Tag Archives: Google Analytics

Google Analytics Primer: Which Metrics are Important?

27 Apr

Google Analytics Chart

Google Analytics is a powerful tool for measuring traffic to and within your website, but it can also appear overwhelming at first glance. There’s such a wealth of information available through Google Analytics but unless you know what you’re looking for and how to access that data, you won’t get much out of implementing an analytics package like Google Analytics.

Last week Google debuted an upgraded version of Google Analytics (v5), and anyone with a Google Analytics account can now view the old version or the new version. In order to access the new Google Analytics, simply click on new version next to your email address on the top right corner of the page. While Google is still in the process of pulling all the old features over to the new version of GA, the new version seems to be working just fine and there are even a few new features to go along with the redesign and reorganization.

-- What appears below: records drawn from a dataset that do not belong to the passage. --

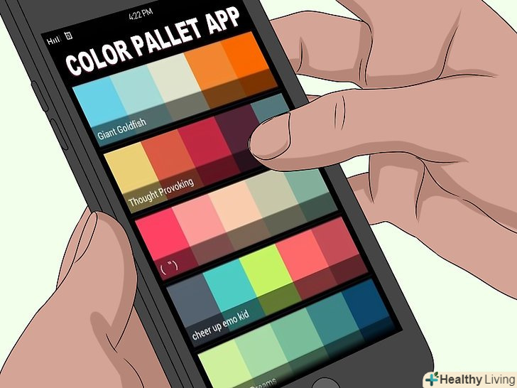 Використовуйте спеціальний додаток для підбору кольору фарб, щоб визначитися з колірною палітрою. знайдіть програми для підбору кольору в магазині додатків, виберіть відповідні і встановіть на телефон - вони допоможуть вам тестувати різні кольори. Окремі виробники фарб спеціально розробляють такі програми. Деякий з додатків дозволяють навіть завантажити фотографію, щоб підібрати відповідний до неї колір, наприклад, коли ви хочете знайти таку ж фарбу, яка вже використовувалася вами раніше. [7]- Наприклад, можна скористатися такими додатками, як» підбір кольору«,» Інтер'єри " та інші.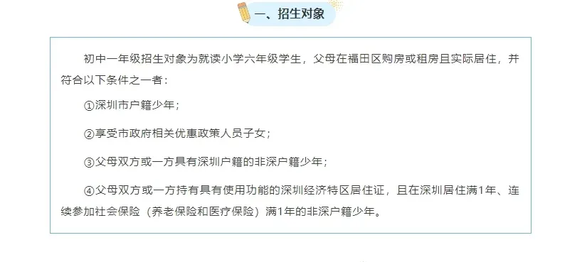 非深户儿童:父母双方或一方持有深圳居住证,且在深圳居住满1年、连续参加社会保险(养老保险和医疗保险同时缴纳)满1年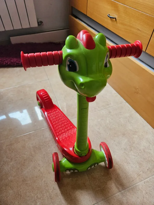 Detalles del productoDivertido patín de tres ruedas con un simpático diseño de dragón, perfecto para los más pequeños.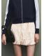 Confeccionada en tejido de algodón con efecto arrugado, esta falda presenta un diseño corto y estilo globo. La cintura con goma elástica asegura comodidad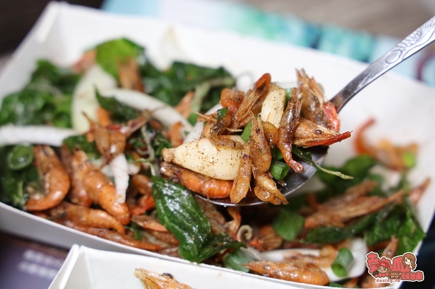 較小的蝦子是溪蝦,你看看這表面炸到酥透的模樣,幾乎可見微微蝦殼,直接拿湯匙挖著吃最爽,咀嚼在嘴裡滿滿蝦味,鹽酥的口感就是讓人吃不膩~即便是小朋友都說好吃!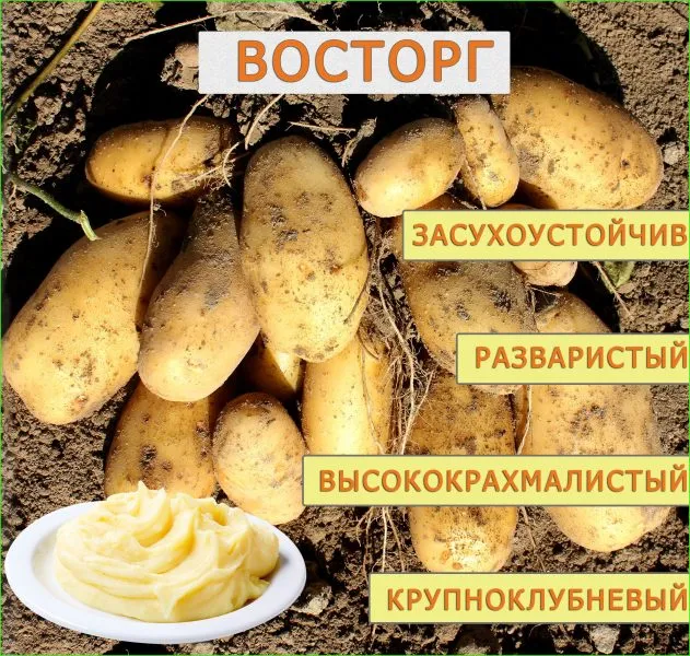 Сорт относится к категории универсальных столовых сортов. Среднее содержание крахмала (16,1%) и средняя развариваемость определяют его широкий профиль использования. Клубни хорошо держат форму при варке в кожуре и очищенными, поэтому Восторг отлично подходит для приготовления супов, салатов, окрошки и жарки.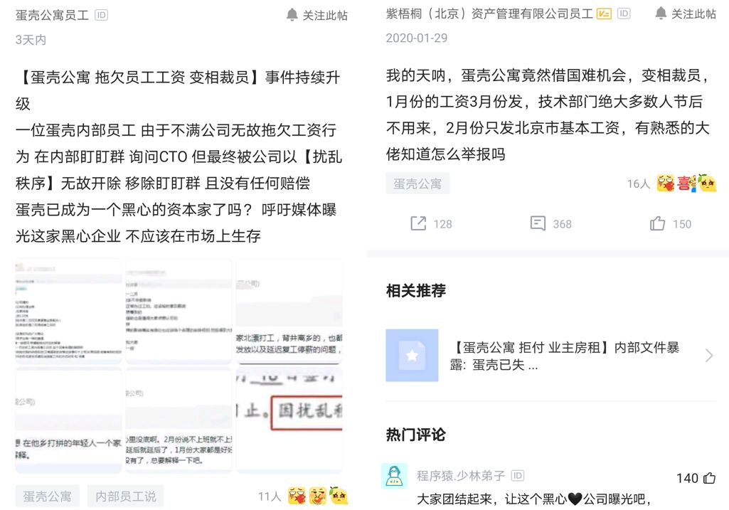 裁员事件曝光后,蛋壳公寓很快被爆出强制要求房东免除1-3个月的租金,甚至直接拒付房租,以应对近期疫情带来的损失,在房东群体中引起大量不满。房东群体在蛋壳这样强势的“租客”面前,也变成了弱势群体。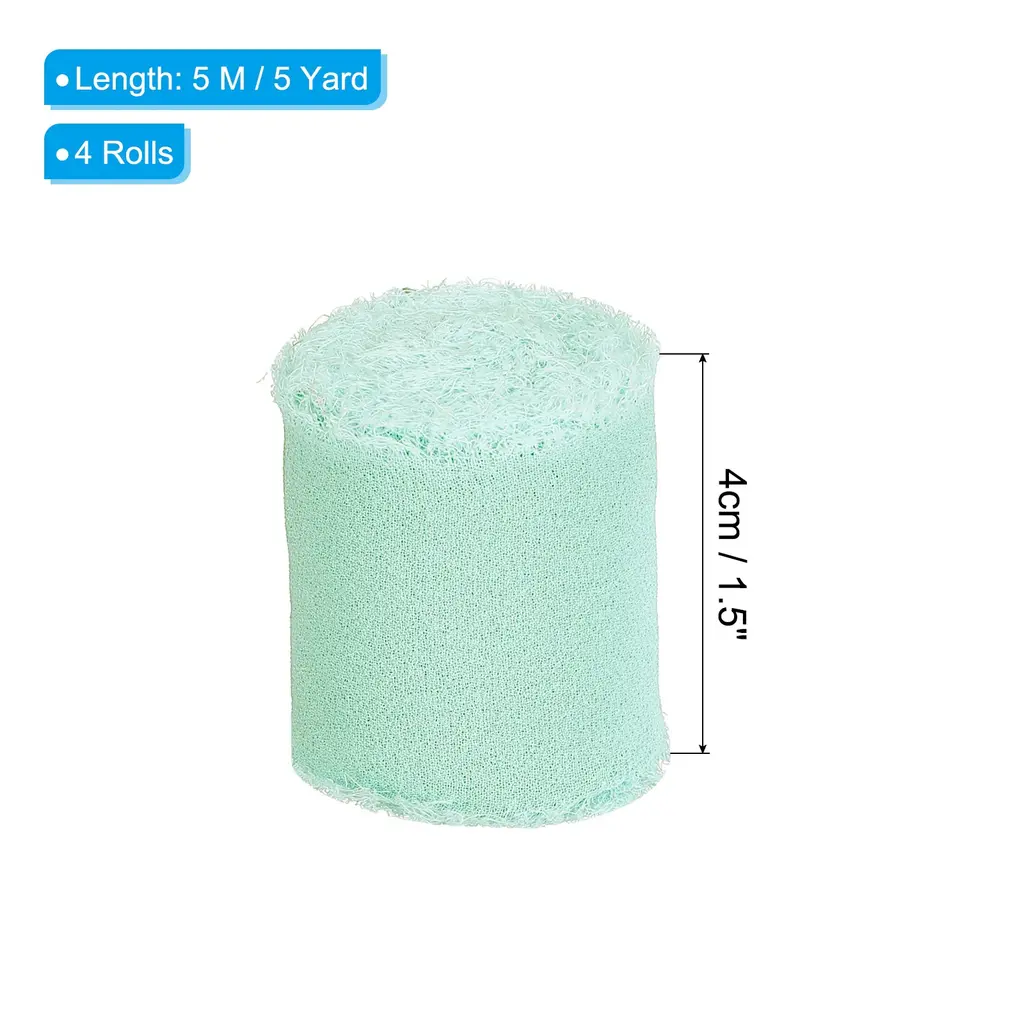 4Roll 1.5"x5yd Fringe Chiffon Silk Ribbon Handmade Frayed Edges Ribbon - 1.5" X 5 Yard - Blue
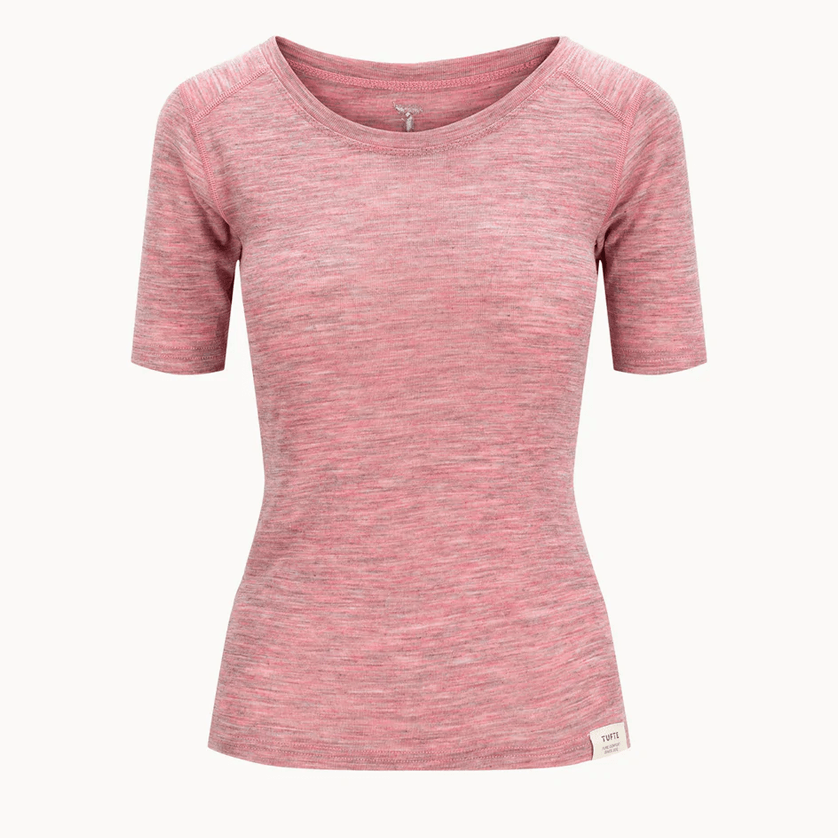 Frost Merino T-shirt til kvinder fra Tufte er et varmt, let og utroligt blødt inderste lag, der skal bæres ved siden af huden. Klæd dig i lag med denne 100% merino Tee som base for god varme. Perfekt under en sweater eller skjorte på en kølig hverdag, eller under en tykkere sweater eller jakke, når du er på vandretur.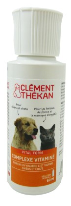Complexe vitamine de CLEMENT THEKAN, un complément alimentaire pour assurer le bon fonctionnement de l’organisme des animaux de compagnie (chiens, chats, oiseaux, hamsters, cobayes, lapin, furet), et leur redonner de la vitalité.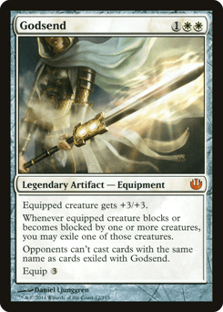 Equipped creature gets +3/+3. Whenever equipped creature blocks or becomes blocked by one or more creatures, you may exile one of those creatures. Your opponents can't cast spells with the same name as a card exiled with Godsend. Equip {3}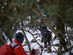 | 912mピークの巨木より薬師林道へ降る | シャクナゲが多い | 大きな木がたくさんある |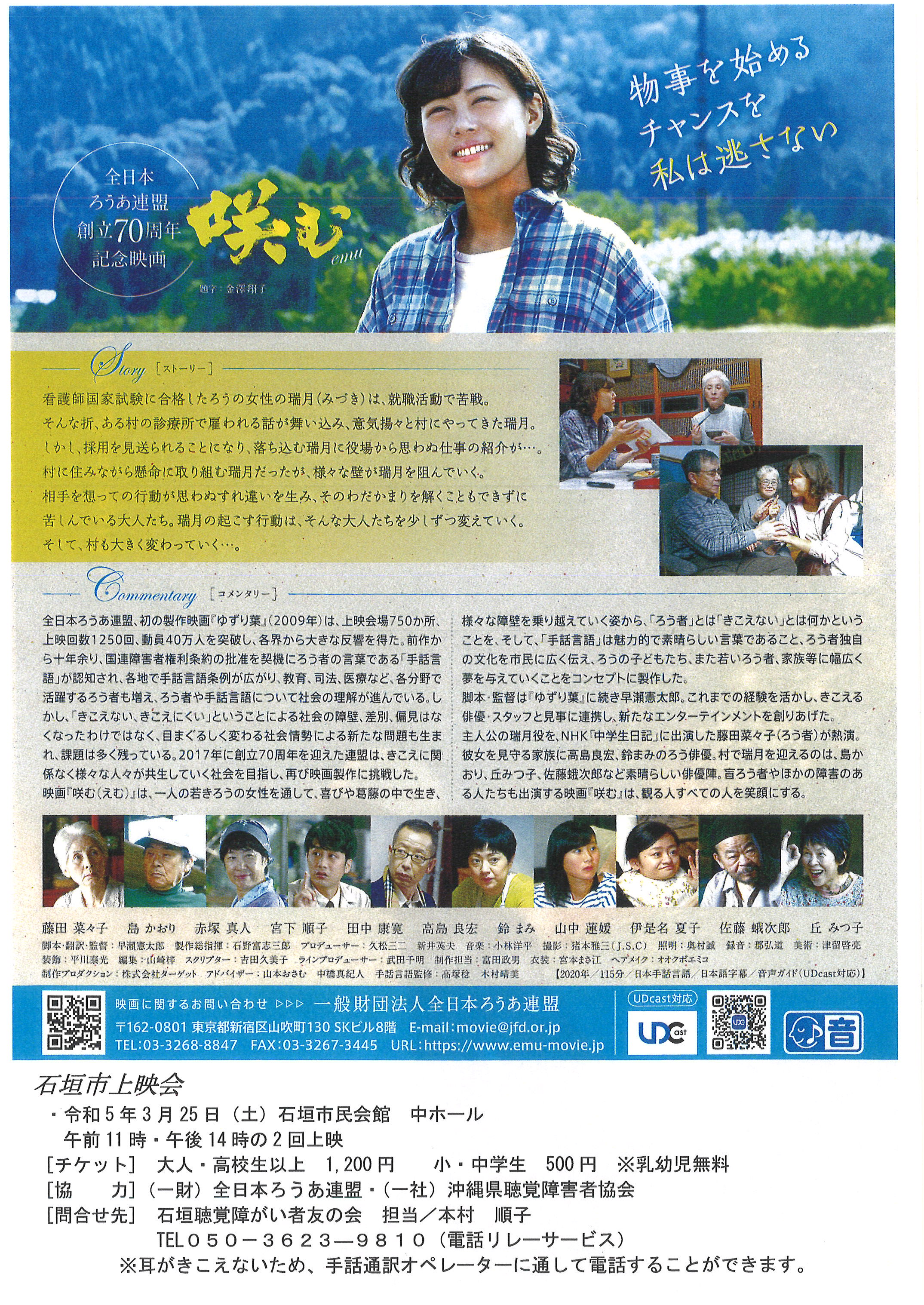 【石垣市 令和5年3月25日(土)上映会のご案内】 「咲む」 全日本ろうあ連盟創立70周年記念映画 厚生労働省推薦 文部科学省選定(青年・成人・家庭向き)

You could spend months learning all the ins and outs of Google Analytics, but here are some of the most important things to look for when you’re tracking visitors on your website using Google Analytics.

The Basics

Google Analytics - Visitors Overview

Google Analytics - Visitors Overview

When you first log into Google Analytics you’ll see the Visitors Overview that includes stats like Visitors, Pageviews, Time on Site and Bounce Rate. The Visitors and Unique Visitors numbers are important because it lets you know how many people have come to your site during the time frame you’re looking at and you then know approximately how many of those visitors have been to your site before. Pages per Visit lets you know the average number of pages each visitor goes to while on your site. Don’t think that just because you have a high Pages per Visit number it means your visitors are happy with your site and they’re getting what they wanted from your site. I’ve seen instances where a campaign caused Pages per Visit and Time on Site to drop, but have dramatically increased conversion rates. As much information as Google Analytics provides you, it still requires old fashioned individual user research or surveys to find out users sentiments.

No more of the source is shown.